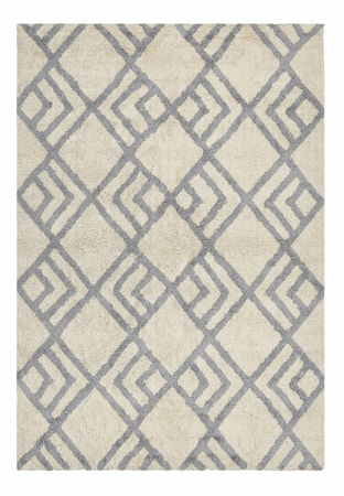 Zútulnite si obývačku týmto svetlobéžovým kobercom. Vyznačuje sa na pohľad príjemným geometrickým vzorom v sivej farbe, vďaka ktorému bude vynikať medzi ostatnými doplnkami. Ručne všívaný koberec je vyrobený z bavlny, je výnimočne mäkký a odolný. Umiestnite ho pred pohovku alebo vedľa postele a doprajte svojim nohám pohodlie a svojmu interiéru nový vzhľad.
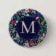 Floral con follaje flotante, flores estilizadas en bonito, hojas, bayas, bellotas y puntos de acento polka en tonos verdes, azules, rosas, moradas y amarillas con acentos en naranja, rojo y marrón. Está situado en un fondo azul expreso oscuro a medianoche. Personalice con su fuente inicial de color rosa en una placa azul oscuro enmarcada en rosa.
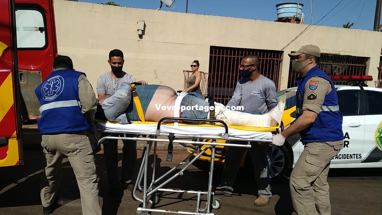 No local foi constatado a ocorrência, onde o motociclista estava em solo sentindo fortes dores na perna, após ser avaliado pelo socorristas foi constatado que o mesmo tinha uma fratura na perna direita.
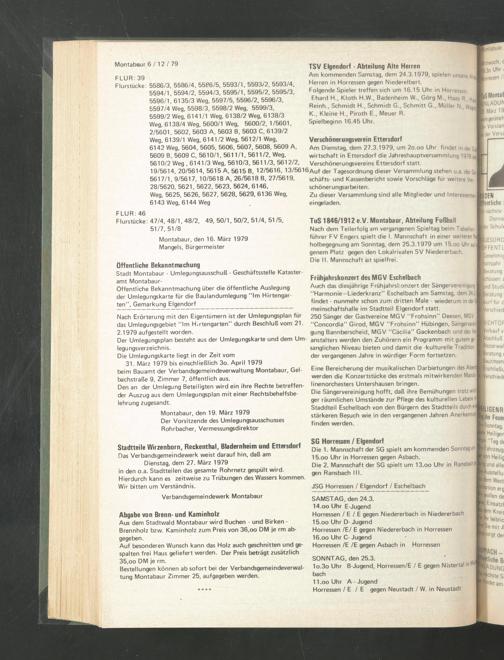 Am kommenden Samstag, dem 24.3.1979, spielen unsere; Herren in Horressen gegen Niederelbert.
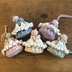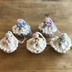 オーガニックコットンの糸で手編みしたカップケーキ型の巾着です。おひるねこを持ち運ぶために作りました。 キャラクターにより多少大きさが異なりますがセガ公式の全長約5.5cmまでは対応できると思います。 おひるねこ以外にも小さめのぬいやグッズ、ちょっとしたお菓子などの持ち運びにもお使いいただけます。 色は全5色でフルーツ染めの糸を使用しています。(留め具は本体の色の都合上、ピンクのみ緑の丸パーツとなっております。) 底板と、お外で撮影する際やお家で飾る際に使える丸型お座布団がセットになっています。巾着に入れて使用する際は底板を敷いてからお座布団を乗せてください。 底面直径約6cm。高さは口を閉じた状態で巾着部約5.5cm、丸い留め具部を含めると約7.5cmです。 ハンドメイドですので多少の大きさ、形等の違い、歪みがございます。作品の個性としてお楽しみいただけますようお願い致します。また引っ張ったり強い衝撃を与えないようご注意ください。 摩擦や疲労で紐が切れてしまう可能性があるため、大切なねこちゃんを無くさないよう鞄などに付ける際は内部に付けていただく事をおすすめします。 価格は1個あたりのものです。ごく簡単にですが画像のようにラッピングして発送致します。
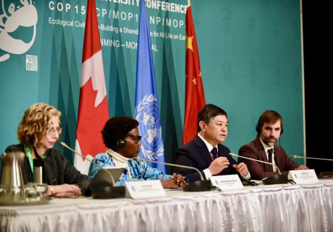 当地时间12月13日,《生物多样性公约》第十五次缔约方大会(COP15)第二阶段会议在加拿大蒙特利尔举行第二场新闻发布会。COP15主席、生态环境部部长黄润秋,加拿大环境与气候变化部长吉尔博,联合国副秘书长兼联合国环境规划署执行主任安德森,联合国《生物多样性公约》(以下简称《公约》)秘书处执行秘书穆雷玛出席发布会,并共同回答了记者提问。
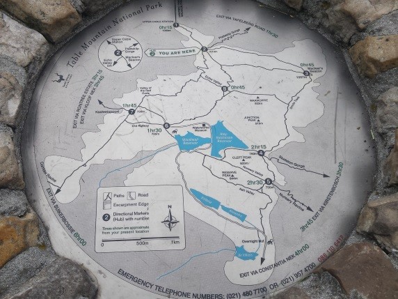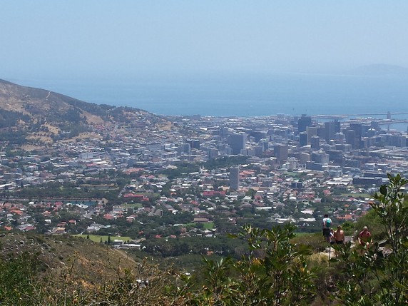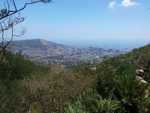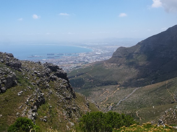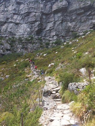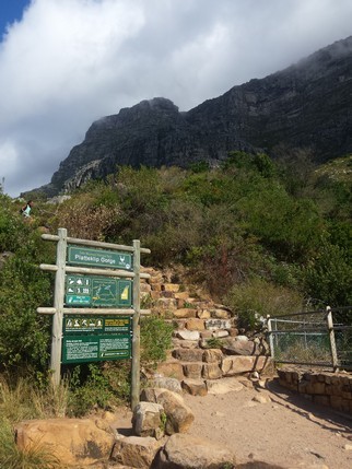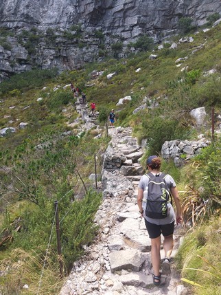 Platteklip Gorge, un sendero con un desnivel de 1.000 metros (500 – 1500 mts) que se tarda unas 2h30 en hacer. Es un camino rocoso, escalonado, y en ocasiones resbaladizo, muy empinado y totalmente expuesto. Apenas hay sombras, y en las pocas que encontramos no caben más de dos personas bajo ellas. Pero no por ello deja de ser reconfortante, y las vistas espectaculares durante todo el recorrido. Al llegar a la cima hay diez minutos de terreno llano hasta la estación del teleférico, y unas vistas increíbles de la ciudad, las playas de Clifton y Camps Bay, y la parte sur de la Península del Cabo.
.....
_Instructions to follow_
What you return must match, line for line, the records from the line containing "当地时间12月13日,《生物" through their end, with both ends included and no pictures.

_Solution_
 当地时间12月13日,《生物多样性公约》第十五次缔约方大会(COP15)第二阶段会议在加拿大蒙特利尔举行第二场新闻发布会。COP15主席、生态环境部部长黄润秋,加拿大环境与气候变化部长吉尔博,联合国副秘书长兼联合国环境规划署执行主任安德森,联合国《生物多样性公约》(以下简称《公约》)秘书处执行秘书穆雷玛出席发布会,并共同回答了记者提问。
 Platteklip Gorge, un sendero con un desnivel de 1.000 metros (500 – 1500 mts) que se tarda unas 2h30 en hacer. Es un camino rocoso, escalonado, y en ocasiones resbaladizo, muy empinado y totalmente expuesto. Apenas hay sombras, y en las pocas que encontramos no caben más de dos personas bajo ellas. Pero no por ello deja de ser reconfortante, y las vistas espectaculares durante todo el recorrido. Al llegar a la cima hay diez minutos de terreno llano hasta la estación del teleférico, y unas vistas increíbles de la ciudad, las playas de Clifton y Camps Bay, y la parte sur de la Península del Cabo.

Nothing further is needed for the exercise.